**What you will do:** Exclude images; transcribe the rest of the data exactly.

**Input data:**
——

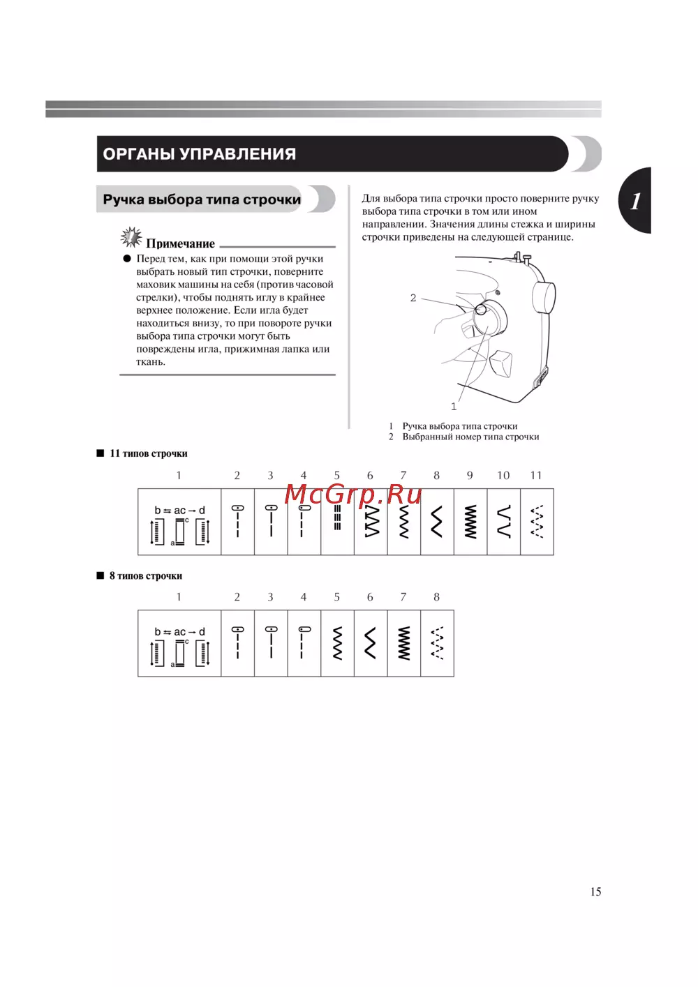 ![Comfort 15 [16/62] Ручка выбора типа строчки](/views2/1009257/page16/bg10.png)
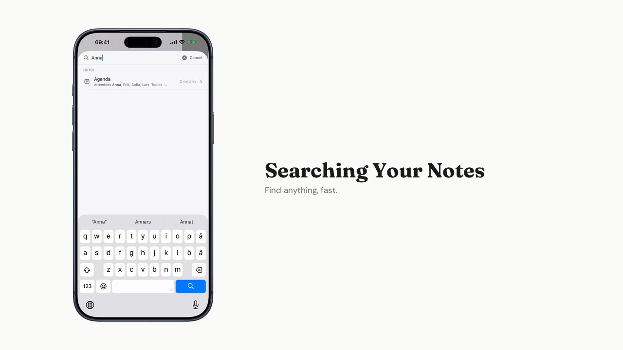 Find any note quickly with full-text search.
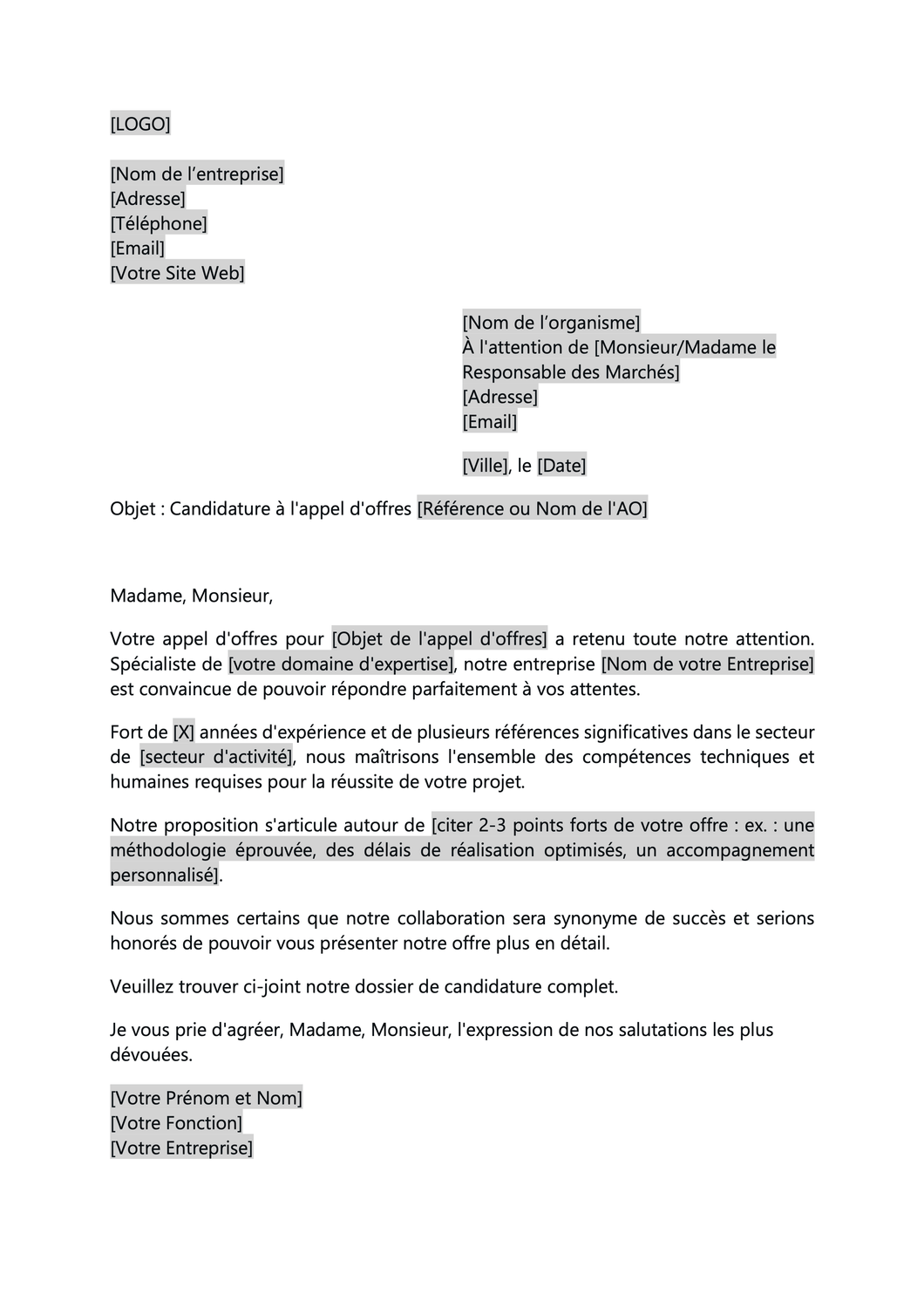Lettre de motivation pour appel d'offres, convaincante, mettant en avant l'expertise, les références et les avantages clés de votre proposition.

——

**Result below:**
 ![Comfort 15 [16/62] Ручка выбора типа строчки](/views2/1009257/page16/bg10.png)
 Find any note quickly with full-text search.
Lettre de motivation pour appel d'offres, convaincante, mettant en avant l'expertise, les références et les avantages clés de votre proposition.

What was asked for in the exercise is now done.